Hello fellow researchers
I am trying to stain cryostat-sectioned spleen tissue, using free-floating chromogenic immunohistochemistry. Unfortunately, I'm not able to detect any staining (MHC class I) on my mounted slides. My approach is as follows:
1. Fixation of the spleen in 10% natural buffered formalin for 24 hrs
2. Dehydrate in 30% sucrose (w/v) in 0.1M Phosphate Buffer for 24 hrs
3. Sectioning the spleen in Cryostat-microtome, sections 45-80 um (pretty thick, due to fragility)
4. Put in preheated sodium Citrate - pH 6.0 (Retrieval buffer), in 80 degree celcius for 30 minutes.
5. Block endogenous peroxidase in 1% H2O2 in PBS
6. Block mouse Fc-receptors (1% mouse serum) in TX-PBS
7. Block with secondary antibody host serum (5%) in BSA-TX-PBS
8. Primary ab incubation on shaker (4 degree celcius overnight) in BSA-TX-PBS
9. Secondary ab-biotin incubation on shaker (RT in 60 min) in BSA-TX-PBS
10. Avidin:Biotin:Peroxidase Complex solution incubation (RT in 30 min) in TX-PBS
11. Chromogenic solution untill thoroughly stained.
12. Mounting on slides, let dry (but not too dry, due to curling) - add DPX.

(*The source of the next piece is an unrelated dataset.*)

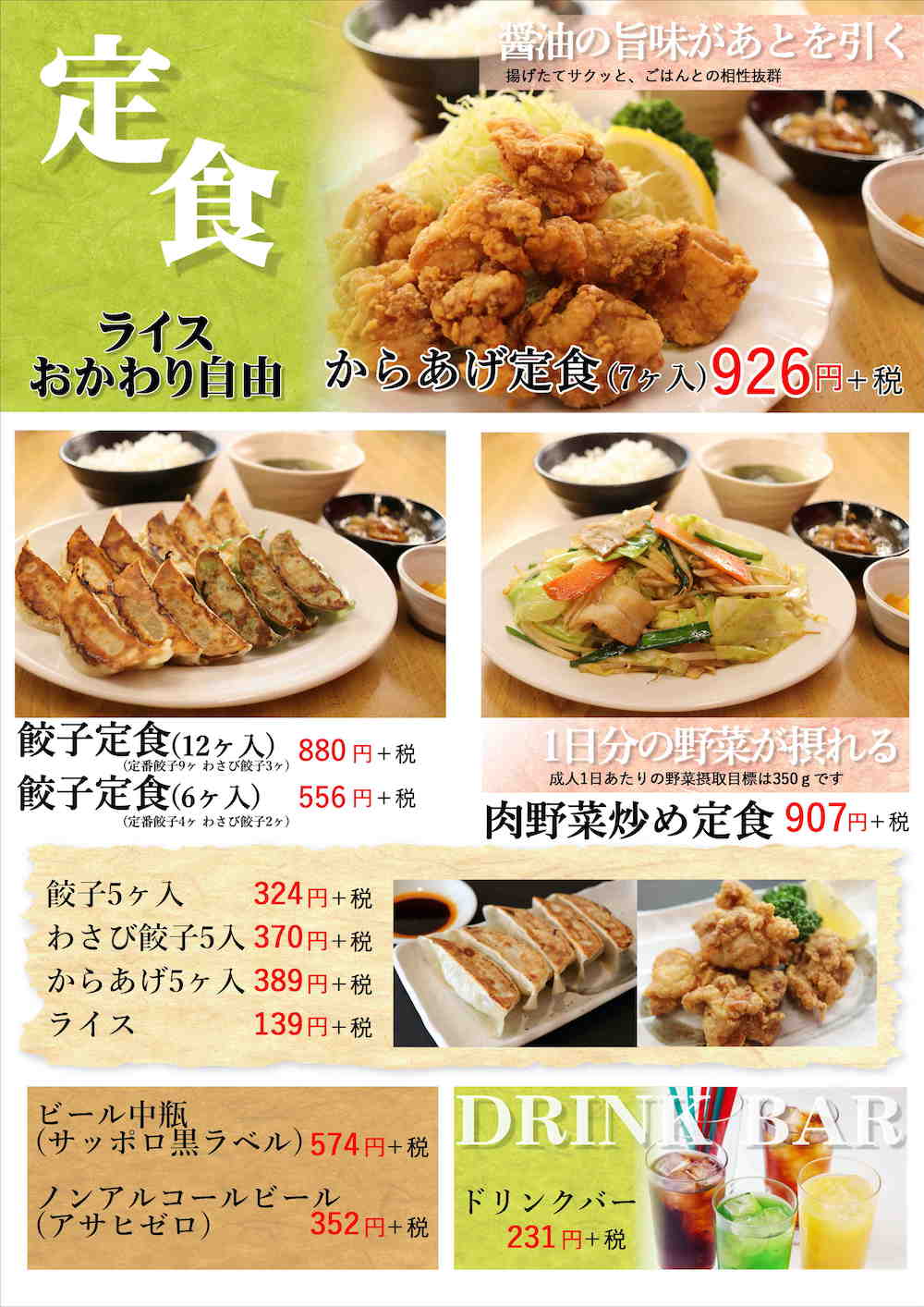 一番人気の喜多方肉中華そばをはじめ、味噌タンメンなどのラーメンはもちろん、肉野菜炒めなどの定食、ラーメンとセットに出来るミニ丼(ソースかつ丼、チャーハンなど)をご用意してお待ちしております。

If you have any surggestions or ideas for troubleshooting, it will be much appreciated :).
Hi Nicolai
You can try two modification due to high section thickness first, you can try to permeabilize tissue after antigen retrieval step by incubating section in 2-3% triton x 100 in phosphate buffer saline for 30 mins (you can do this with peroxidase blocking step just by adding H2O2 in this solution and also i generally prefers to add H2O2 at 3% concentration) this will help antibody to penetrate in the tissue section second, thing you can try is to incubate sections with primary antibody for longer duration (close to 3-4 days).
Vikas
Add triton X into your antigen retrieval & Switch to EDTA ph 8, this will open up more epitopes but will also open up more endogenous biotin. So you will need to add a endogenous biotin blocker before using the ABC complex. Also incubate overnight at RT on a shaker if you can. Also add washes with TX in between steps. Do all steps on shaker if you can.
Thinner sections (30µm) are highly recommanded. 3% H202 in PBS for 20 min is okay. Instead of antigen retrievel use dilution medium which contains 0,2%Triton-X100 in PBS or TBS.
For the blocking step add 10% normal serum (depnds on the host animal of the secondary antibody) and 20% avidin or streptavidin (if you are working with ABC or strepavidin labeled with POX). the Avidin-Biotin-Blocking Kit from Vector Labs makes a good job. For the primary antibody , secondary ab and detection system use 1% normal serum in 0.2 % Triton X-100. Use different dilutions of the primary antibody to find out which one is the best for your protocol. Reaction time and temperature: Blocking , secondary and detectionsystem 90 min each at room temperature. The primary antibody over night at room temperature as well. Good luck!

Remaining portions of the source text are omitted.